ХОЛОДНЫЙ ДУШ ОТ ШЕСТОВА о ЧЕХОВЕ Возьмите рассказы Чехова — каждый порознь или, еще лучше, все вместе: посмотрите за его работой. Он постоянно точно в засаде сидит, высматривая и подстерегая человеческие надежды. И будьте спокойны за него: ни одной из них он не просмотрит, ни одна из них не избежит своей участи. Искусство, наука, любовь, вдохновение, идеалы, будущее — переберите все слова, которыми современное и прошлое человечество утешало или развлекало себя — стоит Чехову к ним прикоснуться, и они мгновенно блекнут, вянут и умирают. И сам Чехов на наших глазах блекнул, вянул и умирал — не умирало в нем только его удивительное искусство одним прикосновением, даже дыханием, взглядом убивать все, чем живут и гордятся люди. Более того, в этом искусстве он постоянно совершенствовался и дошел до виртуозности, до которой не доходил никто из его соперников в европейской литературе. Я без колебания ставлю его далеко впереди Мопассана. Мопассану часто приходилось делать напряжения, чтоб справиться со своей жертвой. От Мопассана сплошь и рядом жертва уходила хоть помятой и изломанной, но живой. В руках Чехова все умирало.

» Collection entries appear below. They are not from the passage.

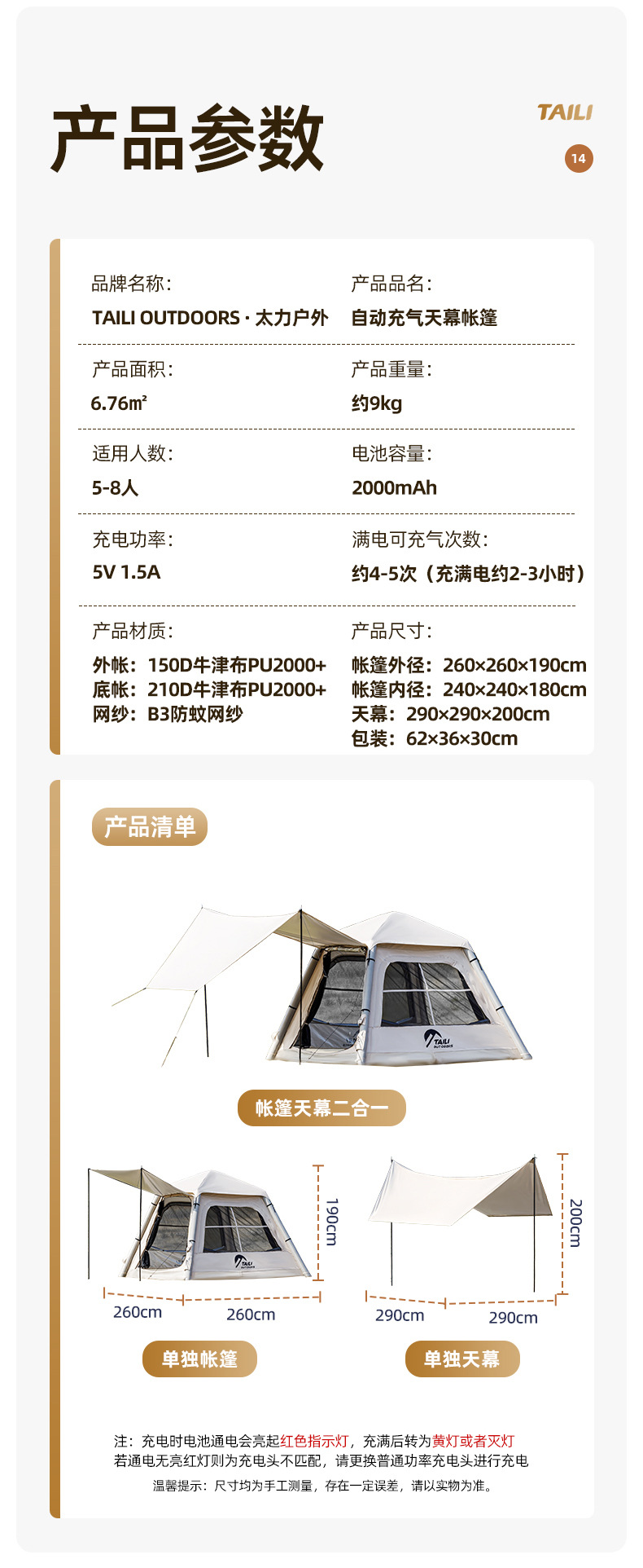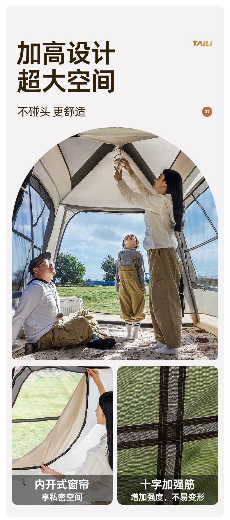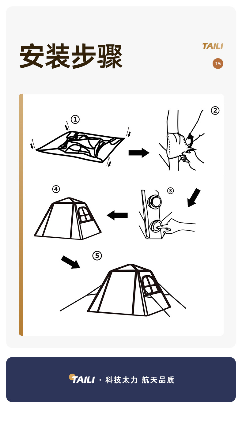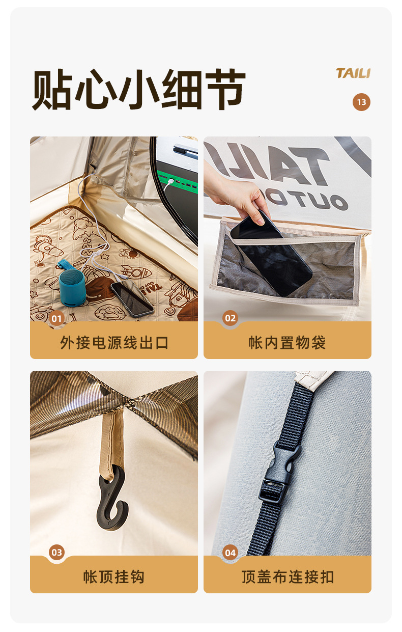 Taili tenda tiup berkemah luar ruangan, peralatan berkemah kabin tanpa tulang portabel tebal tahan hujan cepat dibuka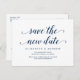 Este é o moderno design rústico mínimo limpo com tema, em Marinho Azul, convite de Festa de casamento Reprogramado (adiado/adiado) cartão postal (Salve a nova data). É a maneira perfeita e elegante de fazer o anúncio de reagendamento para seus amigos e família.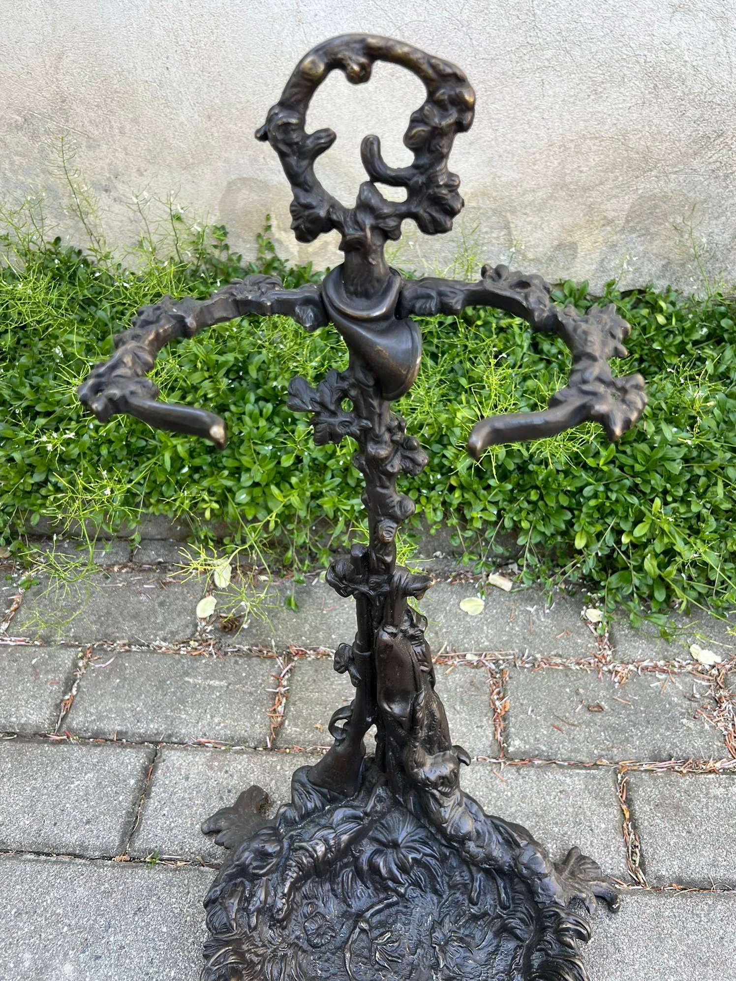 Židinio įrankių komplektas su stovu, bronziniai, medžioklės motyvais. Nenaudoti. Svoris 8,9 kg. Stovo aukštis 55, plotis 24, pagrindo plotis 34 cm. Kaina 258

Чехов, будучи сам писателем и образованным человеком, заранее, вперед отверг всевозможные утешения, метафизические и позитивные. Даже у Толстого, тоже не слишком ценившего философские системы, вы не встречаете такого рода резко выраженного отвращения ко всякого рода мировоззрениям и идеям, как у Чехова. Он хорошо знает, что мировоззрения полагается чтить и уважать; свою неспособность преклоняться пред тем, что считается образованными людьми святыней, он считает своим недостатком, с которым нужно всеми силами бороться. Он даже и борется с ним всеми силами, но безуспешно. Борьба не только ни к чему не приводит, но наоборот, чем дольше живет Чехов, тем больше ослабевает над ним власть высоких слов — вопреки собственному разуму и сознательной воле. Под конец он совершенно эмансипируется от всякого рода идей и даже теряет представление о связи жизненных событий. В этом самая значительная и оригинальная черта его творчества.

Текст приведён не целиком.